-------- AVAILABLE DATA --------
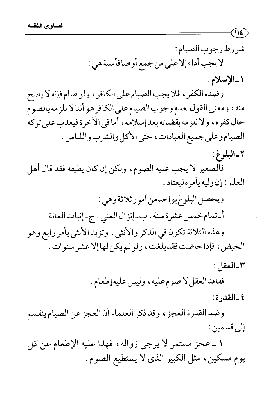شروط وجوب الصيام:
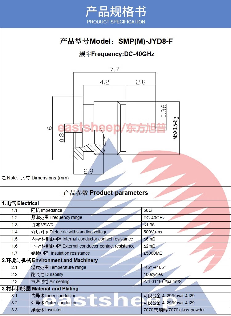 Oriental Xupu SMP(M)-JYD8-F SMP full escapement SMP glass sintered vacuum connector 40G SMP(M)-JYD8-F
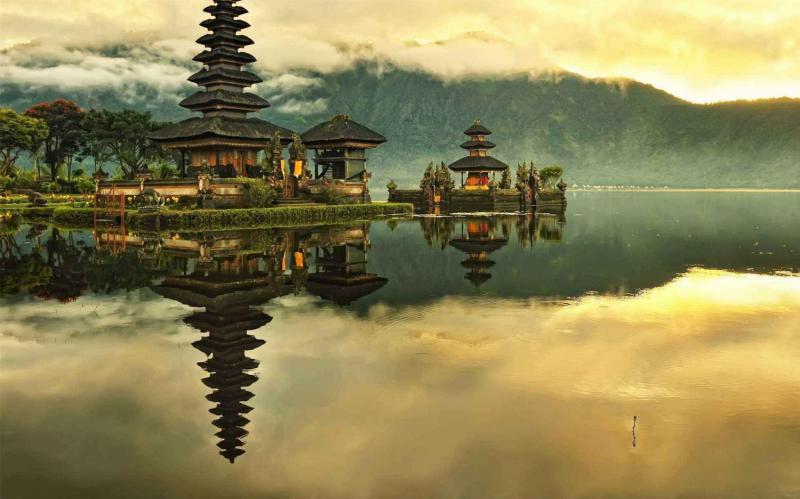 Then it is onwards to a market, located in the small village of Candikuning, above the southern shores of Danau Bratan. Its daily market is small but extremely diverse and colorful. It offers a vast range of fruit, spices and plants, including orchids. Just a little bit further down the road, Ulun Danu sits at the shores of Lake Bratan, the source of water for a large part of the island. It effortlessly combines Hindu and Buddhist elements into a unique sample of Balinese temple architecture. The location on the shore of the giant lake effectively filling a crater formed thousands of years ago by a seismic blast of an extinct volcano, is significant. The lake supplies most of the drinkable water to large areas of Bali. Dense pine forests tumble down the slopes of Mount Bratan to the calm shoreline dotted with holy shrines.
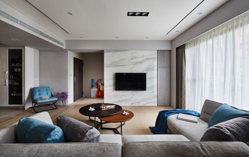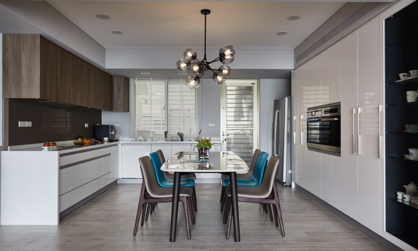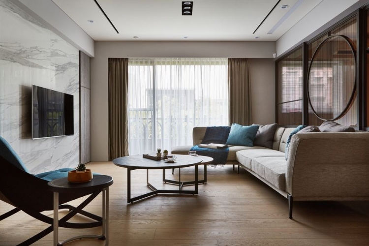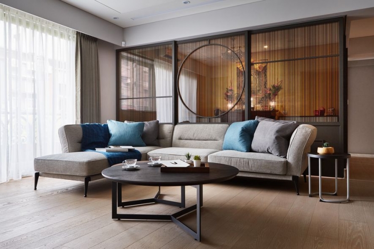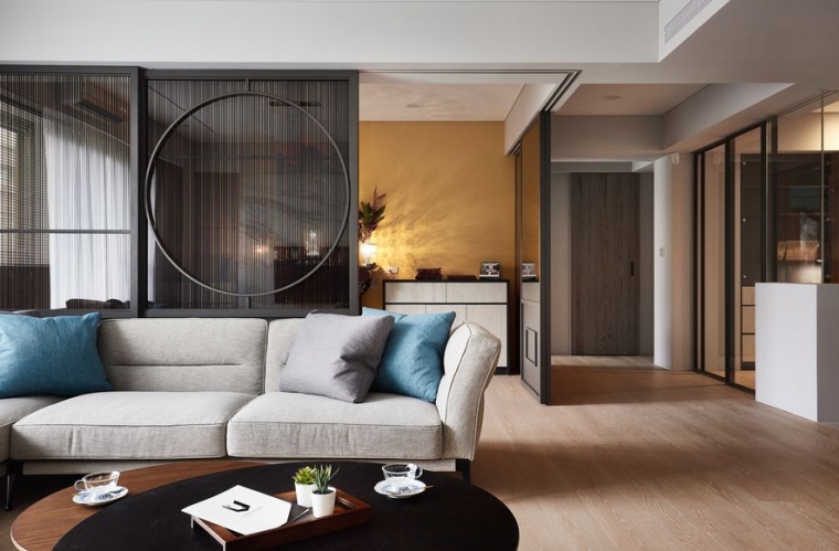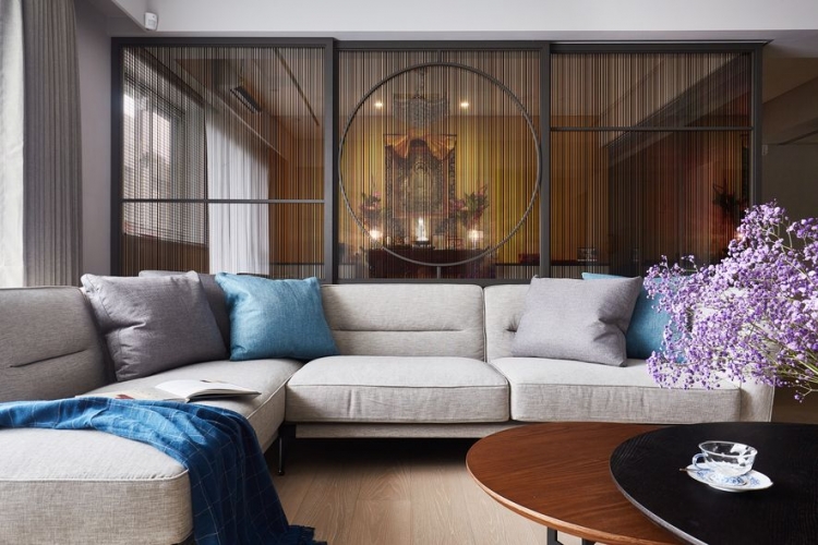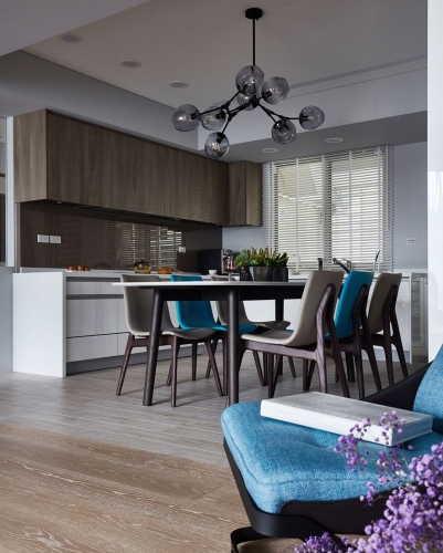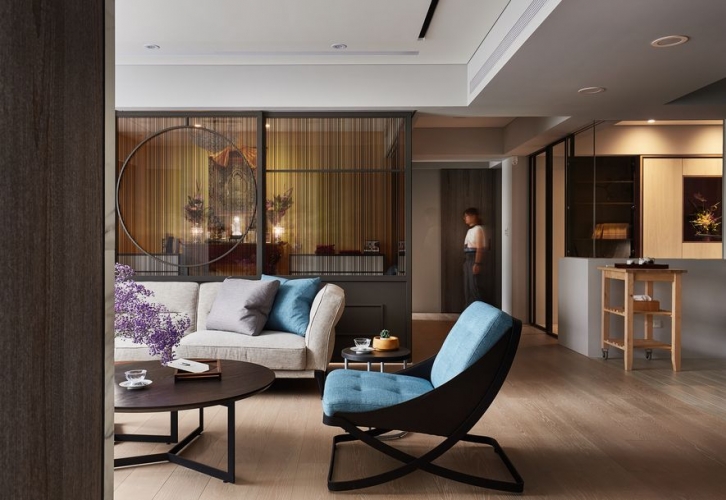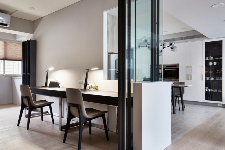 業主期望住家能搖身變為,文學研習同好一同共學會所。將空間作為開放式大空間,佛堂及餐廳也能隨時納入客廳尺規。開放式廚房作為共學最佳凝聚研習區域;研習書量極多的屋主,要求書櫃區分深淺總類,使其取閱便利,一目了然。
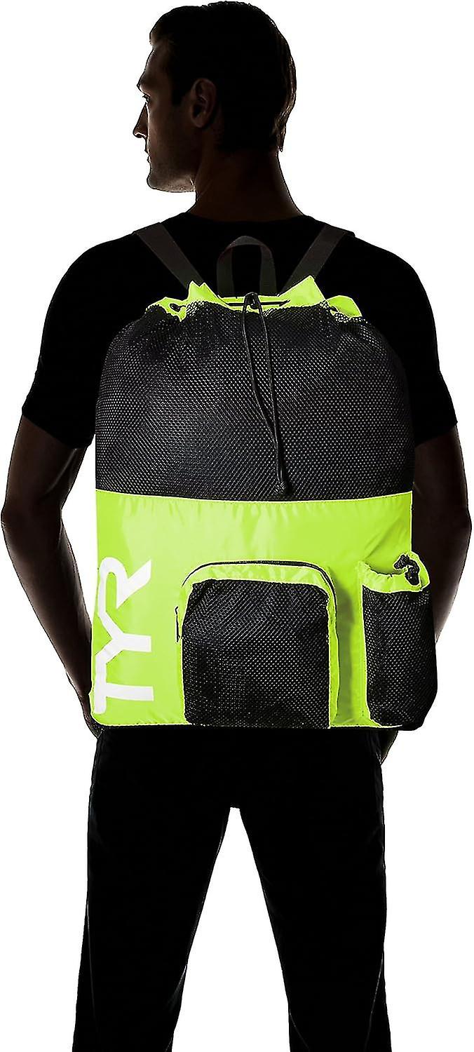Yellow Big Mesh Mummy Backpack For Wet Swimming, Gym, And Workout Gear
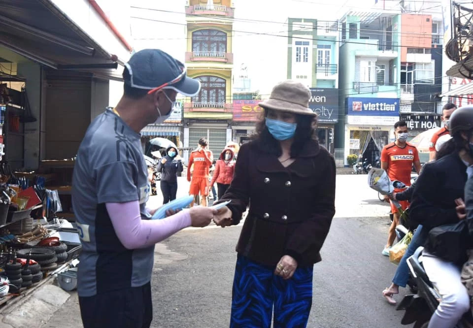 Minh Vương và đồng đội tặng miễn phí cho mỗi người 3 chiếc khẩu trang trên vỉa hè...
--------
:: WORK REQUEST ::
The line that contains "業主期望住家能搖身變為,文學" begins the range and the last line of the entries ends it; print that range exactly, without pictures.

:: SOLUTION TO THIS TASK ::
 業主期望住家能搖身變為,文學研習同好一同共學會所。將空間作為開放式大空間,佛堂及餐廳也能隨時納入客廳尺規。開放式廚房作為共學最佳凝聚研習區域;研習書量極多的屋主,要求書櫃區分深淺總類,使其取閱便利,一目了然。
Yellow Big Mesh Mummy Backpack For Wet Swimming, Gym, And Workout Gear
 Minh Vương và đồng đội tặng miễn phí cho mỗi người 3 chiếc khẩu trang trên vỉa hè...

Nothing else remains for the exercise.